An example where local ownership works well is the bus sector.

"Traditionally the guys from the village have always owned the buses, said Lemalu. Savai’i for example is full of bus owners and the bus association is full of our high ranking chiefs and orators so that’s a great protection let’s hope that will not be penetrated with foreign ownership. But the retailers have been feeling it. Our traditional retailers and small businesses are starting to highlight it and it’s an area the Chamber membership really thinks should be tightened up."

To better administer the Act, President Lemalu says there’s a need to tighten up certain areas. Company registration is one that needs greater vigilance.

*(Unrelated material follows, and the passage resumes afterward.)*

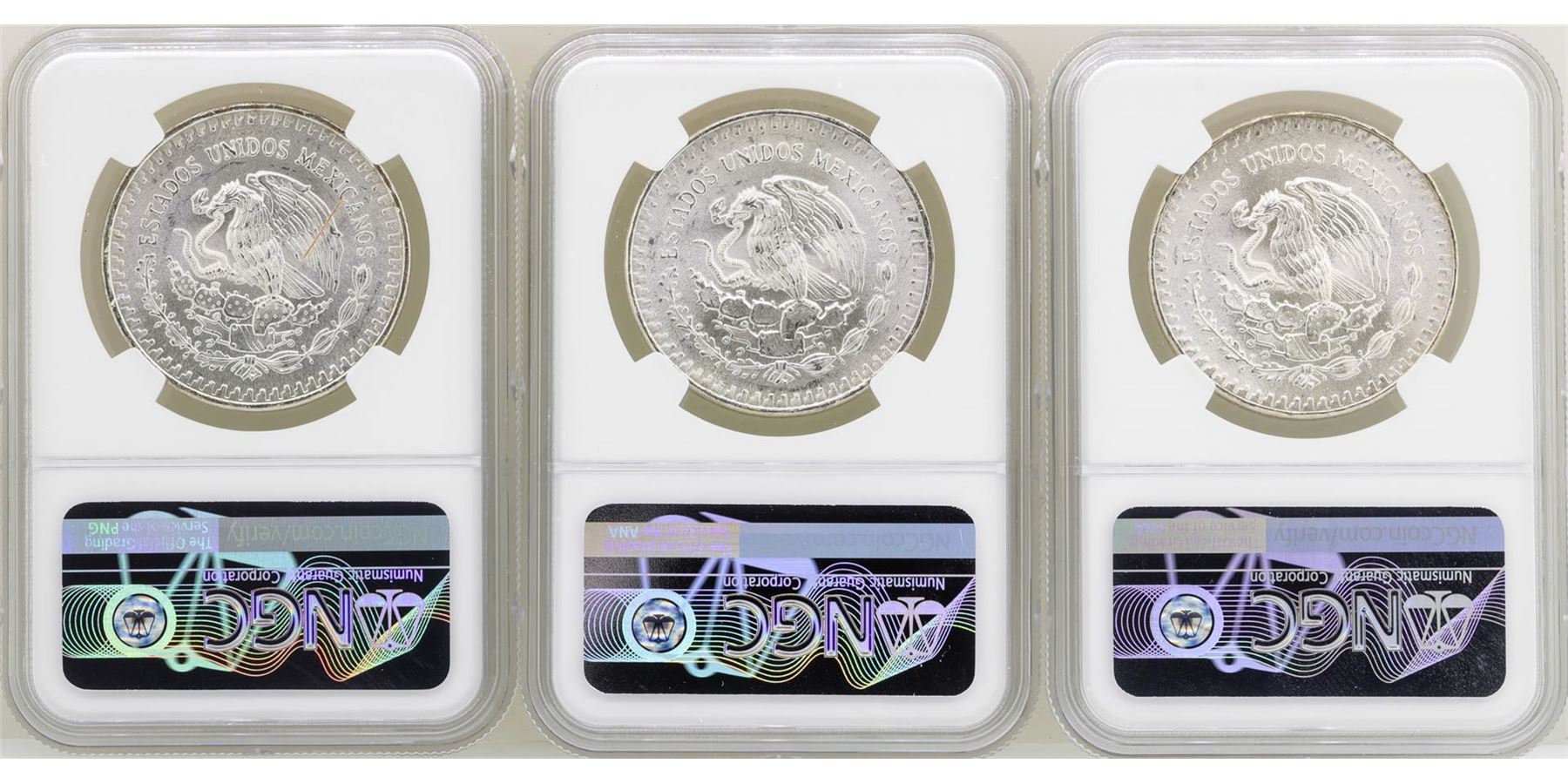One Lot of 1982Mo/1983Mo/1985Mo Mexico Libertad Onza Silver Coins NGC MS66. NGC Certified.

"The requirement [for a foreigner to set up business] is they must have a local partner but we doubt those local partners are true partners in the real sense of the words. They may be overnight partners who just sign the agreement as partner for the sake of establishing and then those partners are paid off and never seen again and the overseas investor are allowed to grow. And we as Samoa’s private sector is concerned about this because there’s the risk that all of the profits made are taken overseas. And more importantly we don’t want to see the social issues and crime climbing and impacting on foreign business owners."

In 2007, Timil a Papua New Guinean commented on Bertil Lintner’s article, highlighting impacts if an Act is not monitored closely. Inaction that can lead to tensions and worst, to riots as seen in Tonga and Solomon Islands, 2006.

"I am from Papua New Guinea (PNG), a legal officer to the Investment Promotion Authority of Papua New Guinea. Chinese immigrants are increasing every year in PNG. Some are entering illegally into the country and also doing business illegally (I am in the process doing of an investigation).

"[The] PNG government has removed most reserved activities from the reserve list and Chinese are taking advantage of it. They are doing small businesses that Papua New Guineans can do. The Papua New Guineans are unable to compete with the skilled Chinese. It is true that this is starting to cause a tension between them. I have more to say but I just stop here."